(What to produce):
Below, locate the line that contains "Величина и масса". Repeat exactly from that line to the line that contains "So if you begin", inclusive, leaving out the pictures.

[Records shown Boundary: Start]

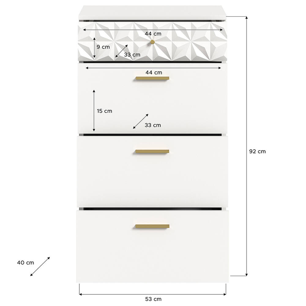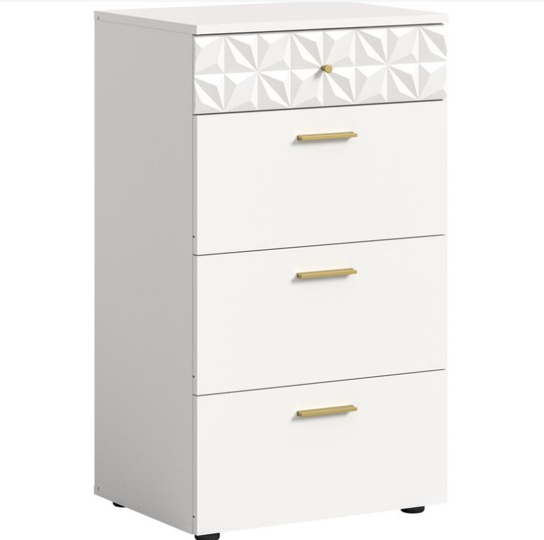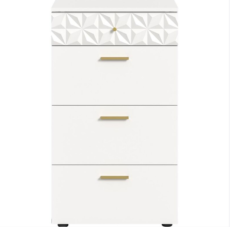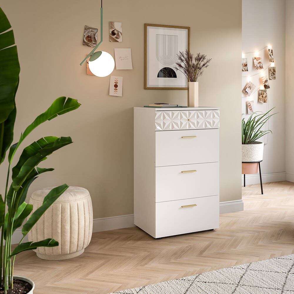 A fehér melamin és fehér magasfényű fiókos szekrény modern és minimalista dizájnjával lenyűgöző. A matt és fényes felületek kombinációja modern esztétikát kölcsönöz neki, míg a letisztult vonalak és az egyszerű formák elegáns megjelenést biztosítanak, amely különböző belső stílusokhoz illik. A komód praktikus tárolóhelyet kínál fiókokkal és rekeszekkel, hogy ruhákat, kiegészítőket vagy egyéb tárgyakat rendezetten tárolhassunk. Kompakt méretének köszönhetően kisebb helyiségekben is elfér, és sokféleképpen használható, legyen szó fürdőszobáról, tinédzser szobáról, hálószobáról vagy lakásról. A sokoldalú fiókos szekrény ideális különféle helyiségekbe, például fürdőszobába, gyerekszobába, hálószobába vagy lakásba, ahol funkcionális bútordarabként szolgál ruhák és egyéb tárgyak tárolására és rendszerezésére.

[Records shown Boundary: End]
[Records shown Boundary: Start]

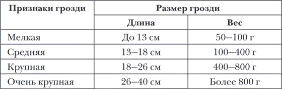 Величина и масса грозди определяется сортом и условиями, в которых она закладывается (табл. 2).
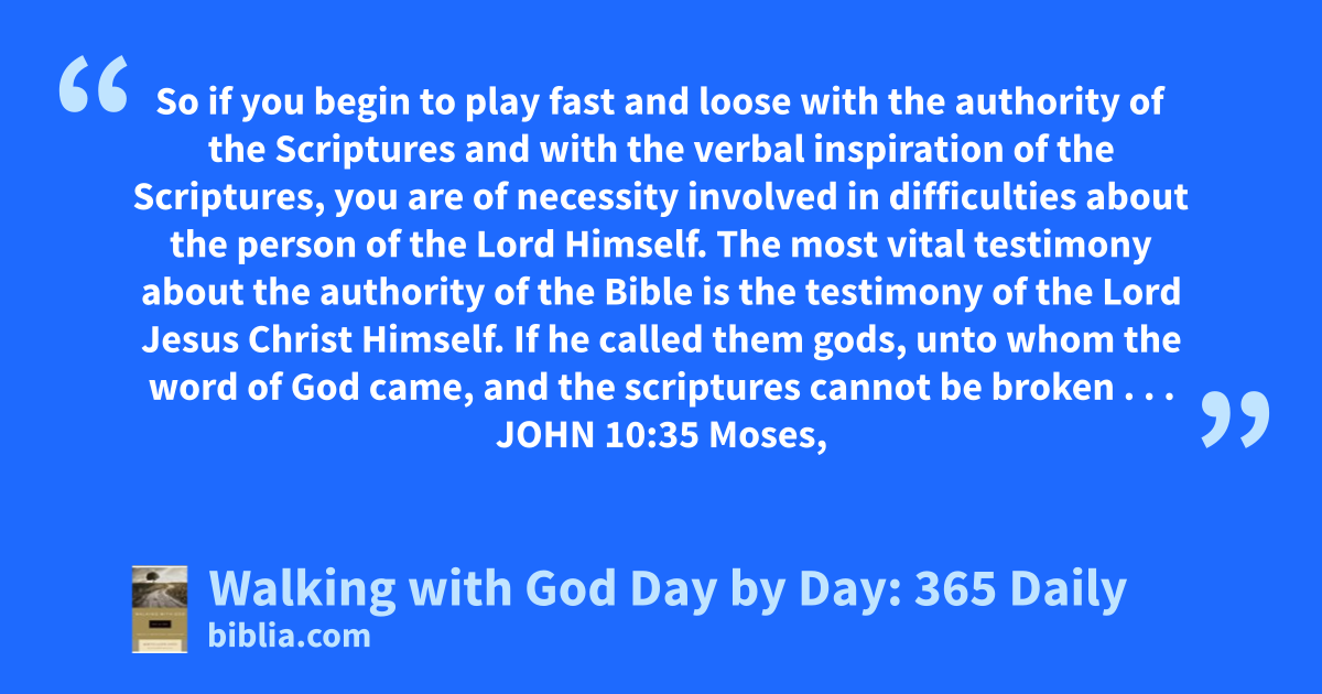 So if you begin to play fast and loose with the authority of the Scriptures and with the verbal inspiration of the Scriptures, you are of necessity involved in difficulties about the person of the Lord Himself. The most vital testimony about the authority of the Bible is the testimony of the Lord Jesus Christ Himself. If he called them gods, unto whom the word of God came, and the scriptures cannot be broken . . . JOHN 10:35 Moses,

[Records shown Boundary: End]
[Records shown Boundary: Start]

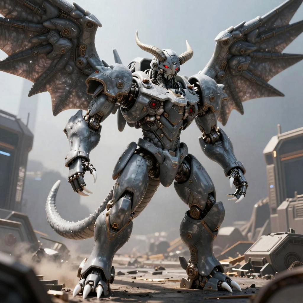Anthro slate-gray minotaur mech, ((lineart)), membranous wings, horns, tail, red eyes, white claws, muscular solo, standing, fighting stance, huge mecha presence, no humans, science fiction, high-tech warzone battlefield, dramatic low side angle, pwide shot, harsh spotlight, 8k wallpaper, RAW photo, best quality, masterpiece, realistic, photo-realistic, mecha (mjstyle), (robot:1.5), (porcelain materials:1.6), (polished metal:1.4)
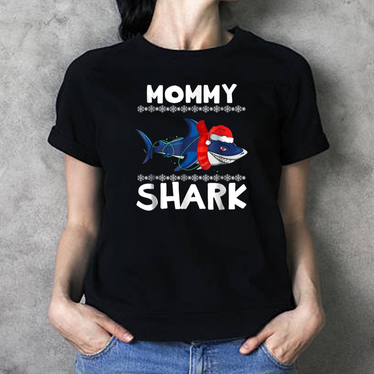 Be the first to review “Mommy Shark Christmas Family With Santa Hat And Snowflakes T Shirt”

[Records shown Boundary: End]

(Problem solution):
 Величина и масса грозди определяется сортом и условиями, в которых она закладывается (табл. 2).
 So if you begin to play fast and loose with the authority of the Scriptures and with the verbal inspiration of the Scriptures, you are of necessity involved in difficulties about the person of the Lord Himself. The most vital testimony about the authority of the Bible is the testimony of the Lord Jesus Christ Himself. If he called them gods, unto whom the word of God came, and the scriptures cannot be broken . . . JOHN 10:35 Moses,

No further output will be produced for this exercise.